Ultimately, while China might have been able to knock the long-reigning #1 “Fugaku” powerhouse in Japan out of the running, that effect too might not have the lasting impression China hoped for with these dual exascale systems.
With Every Reason to Claim Bragging Rights …
All of this reminds us of all the many reasons China would have had to publicize the results beyond the obvious – claiming the title on not just one, but two, exascale machines. This would have made China the first in the world to an HPC performance milestone that has been the subject of billions of dollars of U.S. investments over the last several years.
A public announcement via the Top500 list in either its June edition or this week would have also drawn attention to the significant material investments China has made in homegrown semiconductor, networking, and software technologies. Much more detail can be found by diving into the Sunway and Phytium architectures and manufacturing backgrounds. And while there are no “new” architectures with either exascale system, they do represent a noteworthy scalability leap, in addition to noteworthy performance in demanding HPC areas that also show the systems’ capability to do mixed-precision (good for AI/ML) and tightly-coupled FP64-driven traditional supercomputing.

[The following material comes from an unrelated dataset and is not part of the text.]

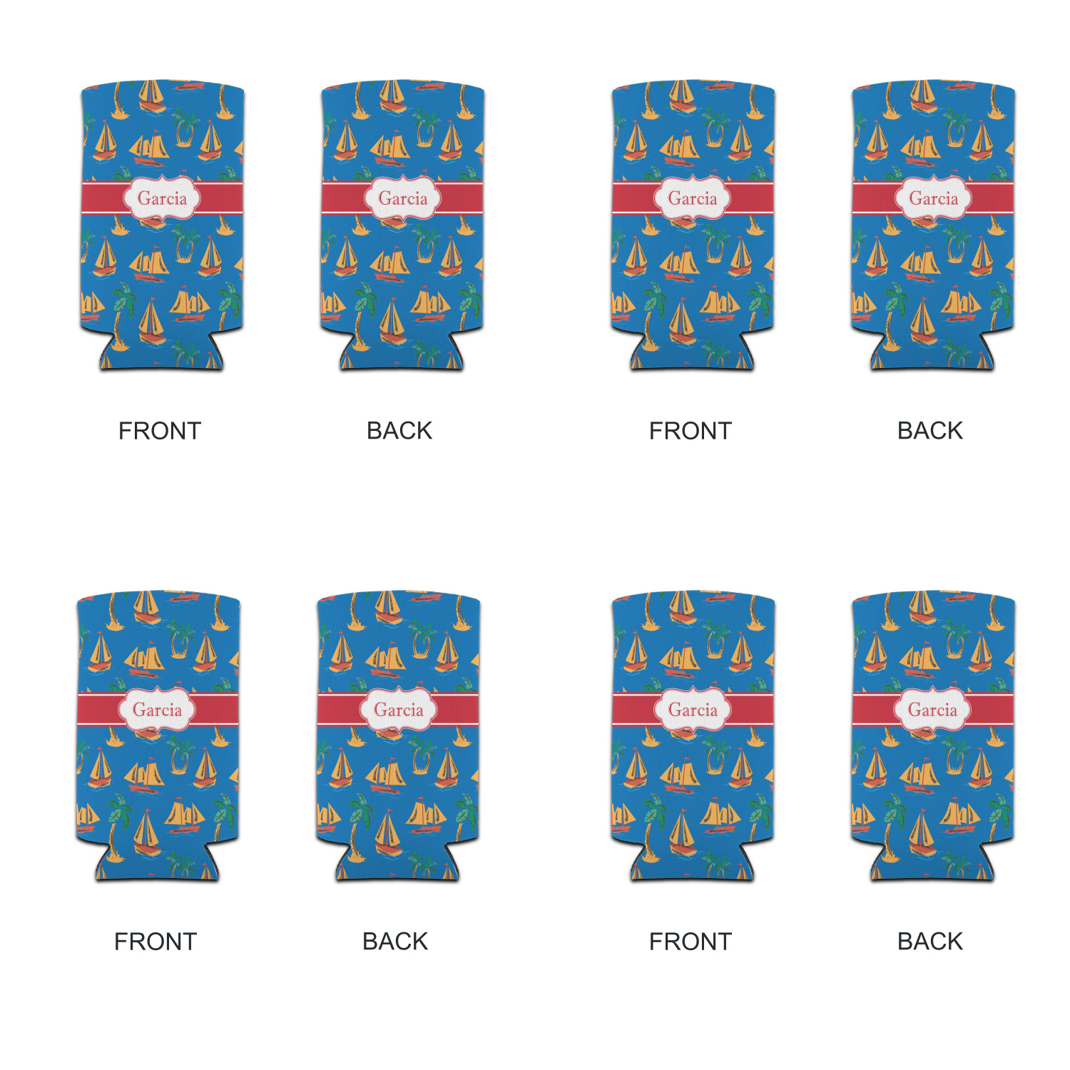 Sailboat Designs for Can Coolers - Tall 12 oz - Set of 4

Having an HPC complement to its existing large-scale compute infrastructure among companies like Alibaba, Baidu, Tencent and others in China would be another source of bragging rights. These companies are all pushing to build their own native processors, accelerators, and software ecosystems. Having the supercomputing/research side of native technologies would be further signs of strength.
On that note, China would also be able to showcase systems that can handle both general-purpose HPC as well as emerging AI. When results were released for the quantum simulation work on the Sunway system, we believe China was not just showing real-world, tightly coupled HPC performance, but also that it could handle complex mixed precision workloads, which are common in AI (FP16, Int-8, etc). In short, it would be touting both AI and simulation capabilities – a valuable aspect for all emerging large systems – and all without the conventional Nvidia or AMD GPUs as U.S. and European systems deploy for AI, low precision capabilities.

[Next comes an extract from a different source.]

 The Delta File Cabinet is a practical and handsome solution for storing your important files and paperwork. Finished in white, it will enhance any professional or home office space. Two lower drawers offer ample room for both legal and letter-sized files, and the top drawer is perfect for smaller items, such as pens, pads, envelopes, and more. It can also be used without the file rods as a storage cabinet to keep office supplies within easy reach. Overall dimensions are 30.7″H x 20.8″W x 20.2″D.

And this may seem minor to those outside supercomputing – but think about it: In addition to showing technological prowess and scalability of multiple homegrown architectures, there is also the lost ability to show the hard work on the part of teams in China, often over a thousand throughout an entire cutting-edge system coming to life (manufacturers, designers, architects, programmers, sysadmins, etc.). That these HPC professionals did not have a chance to celebrate such a milestone on the international stage is a shame. Heated disputes between nations or not, let’s not forget these are people – many of whom have spent careers working toward this coveted goal. This does matter, even if the bigger international picture obscures it.
Competitive Strategy, Perception, and Of Course, Politics
While we have not confirmed a direct, single reason, we have gathered a multitude of views over the last couple of weeks from national lab HPC leads in the U.S., Japan, and Europe, all of whom agreed the lack of publicization is unexpected and baffling but is, generally speaking, purely political. However, given the nuanced views politically and technically, we do have some ideas.
As mentioned above, there could simply be some strategic silence on China’s part for competitive purposes. The Chinese government, which backed these systems to the tune of billions of dollars (not just the design and build but ongoing facilities and power), likely had the final say in the strategic announcement (or lack thereof) of the machines.
What is most interesting is that instead of listing on the Top500, the teams confirmed the systems’ existence through Gordon Bell Prize paper submissions. For reference, this is the most coveted award in supercomputing beyond top system status via the Top500. With its submissions for the Sunway system in particular, these submissions established the machines exist and are in production as well as showcasing performance and scalability – albeit with a cherry-picked set of applications.
That establishes that China was eager to show “real-world” production and use of these systems over claiming the highly publicized top place on the Top500 and crown for first to reach exascale. In short, they get the recognition for technical merit without putting system specs out there for LINPACK or the more real-world focused benchmarks in HPC like HPCG, Graph500, or Green500.
Since China has built systems simply to game the Top500 in the past – including a directly replicated AMD-ish looking system that was later removed from list – one might say these exascale machines are a game. But not so, according to those sources we spoke with for the original story close to the benchmark results. In that case, this is legitimate, the machines are highly capable, and that means the trade war – likely a big part of this story – is also at the heart of this lack of publicizing important results.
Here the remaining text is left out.